The harsh reality is that, in the meantime, the radicals in Tehran had increased the level of repression and brutality, with thousands of members of Iranian civil society arrested, threatened, raped, or tortured, and several people killed or sentenced to death by an increasingly overconfident, oppressive regime.

Break the Vicious Circle of Always Offering Ahmadinejad Something More

These events oblige the international community—and the West in particular—to reconsider their strategy. For instance, President Obama is facing growing opposition in Washington toward his policy of engagement, and the nuclear negotiations with Iran cannot be allowed to distract us from what is happening in Iran. First of all, it is crucial to prevent our declarations against the repression from being counterproductive, since the Iranian government is already accusing the reformists of being “fifth columnists” of enemies of the Republic. However, there are ways and means of making Tehran understand that the West is not looking for a regime change, but cannot tolerate such a level of domestic violence.

In other words, since Ahmadinejad and the pasdarans have deeply polarized the Iranian political scenario, we should carefully send messages to the Rahbar that Ahmadinejad represents a much greater risk for the Islamic Republic than the reformists, and that we are ready to negotiate with Supreme Leader Khamenei, but we will adopt a tougher stance (at every level, nuclear negotiations included) if he lends his support to such bloody repression.
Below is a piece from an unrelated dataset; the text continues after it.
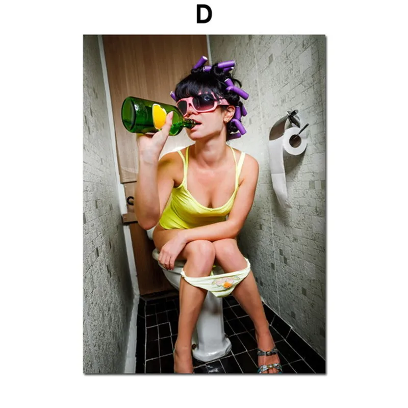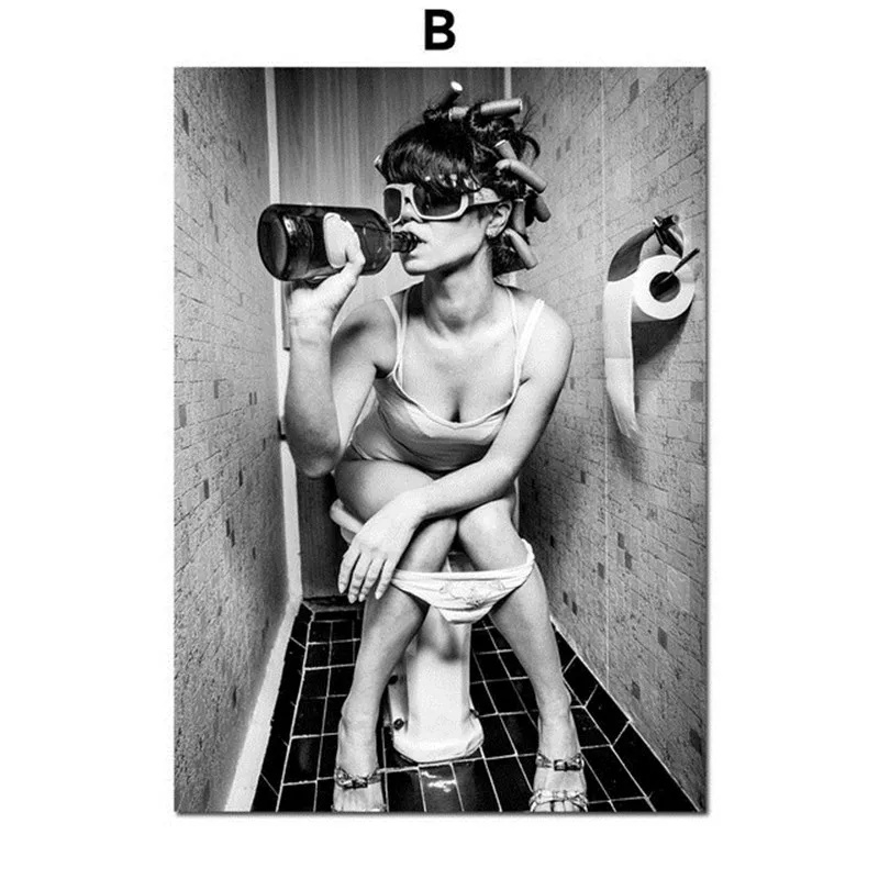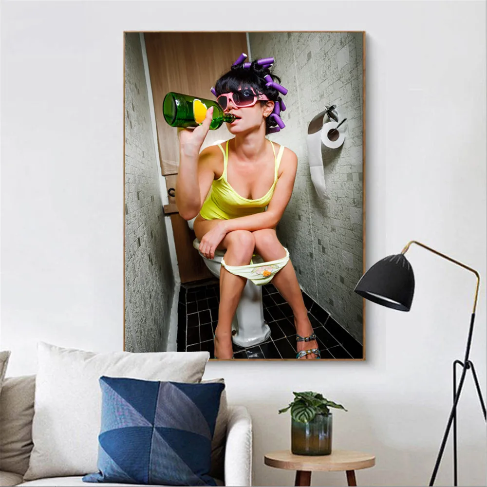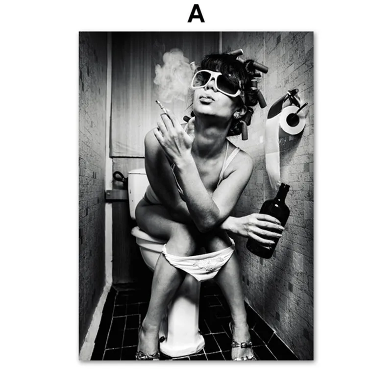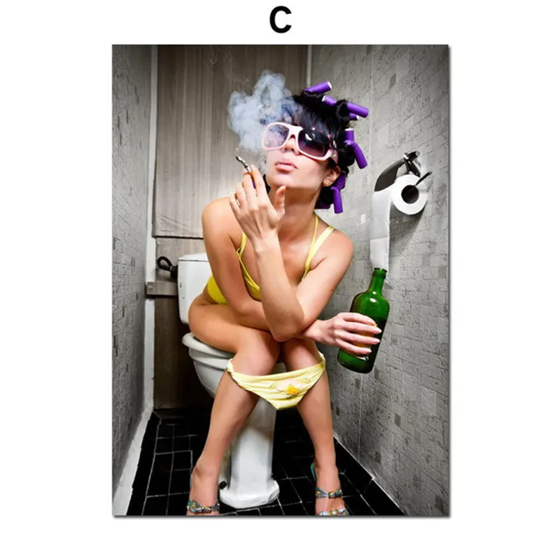 Модная Картина на холсте в стиле унитаза с изображением курительной девушки, скандинавские плакаты и принты, настенные картины для гостиной, бара, туалета, Декор

Some of the main religious and political leaders, such as Rafsanjani and, to a certain extent, Mohammad Khatami himself, are attempting the same, trying to de-polarize the domestic political spectrum in the hope that the Rahbar might decide to rebalance the system, adopting a more moderate position. It is probably the last chance Khamenei has to avoid a dramatic transformation of the Islamic Republic and far more severe international isolation.

At the same time, it is time to end our obsession with the uranium enrichment conundrum: it is clear that the only way to keep Iran latent at the nuclear weapon level is through verifications and political confidence, not merely technical solutions, such as the recent proposed swap with Russia, France, Turkey, or elsewhere. Without decreasing the level of mistrust, resistance to a comprehensive agreement will be insurmountable.
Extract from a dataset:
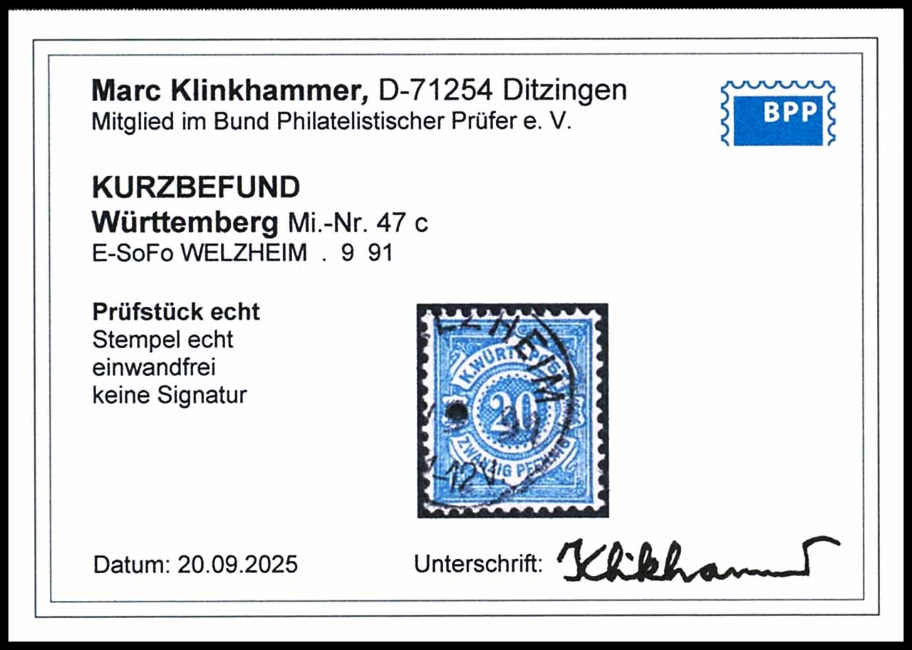 20 pfennigs white numerals in the circle, dark cobalt, neat cancelled "WELZHEIM . 9 91", superb in every respect (choice copy), photo expertize Marc Klinkhammer BPP (2025) "perfect", Michel 300.- - rare stamp!

For years I backed track-2 programs with Iranians, and I still believe they represented a useful tool of communication, taking into account the antagonistic postures of Washington and Tehran. But the current scenario is radically different: the technical package offered in Vienna and Geneva to Iran represented an honorable compromise, based on the best diplomatic effort of recent years. The package is still on the table, and some minor amendments might be made in order to give extra guarantees to the Islamic Republic’s obsessions. However, we should resist the idea of acquiescing to new Iranian requests or looking for other, smoother “technical solutions” for convincing Iran. The offer is already favorable: it has been almost accepted, almost refused, renegotiated, reneged, and all other degrees of unclear response. In the meantime, Iran continues with its paranoid policy of repression and intimidation of reformists, intellectuals, professors, students, women’s’ rights activists, and simple citizens. And the West continues to stick to its past policy of ambiguous silence over it.

Lack of credibility was one of the main failures of the past U.S. administration’s policy toward the Middle East, since its rhetorical insistence on democratization was a far cry from an ambiguous policy of double standards. We should now avoid the risk of embarking on a pathetically weak new form of realpolitik .

Riccardo Redaelli is the Director of the Middle East Program at LNCV and Professor of Geopolitics at the Catholic University of Milano. He has participated in Track 2 talks with Iran.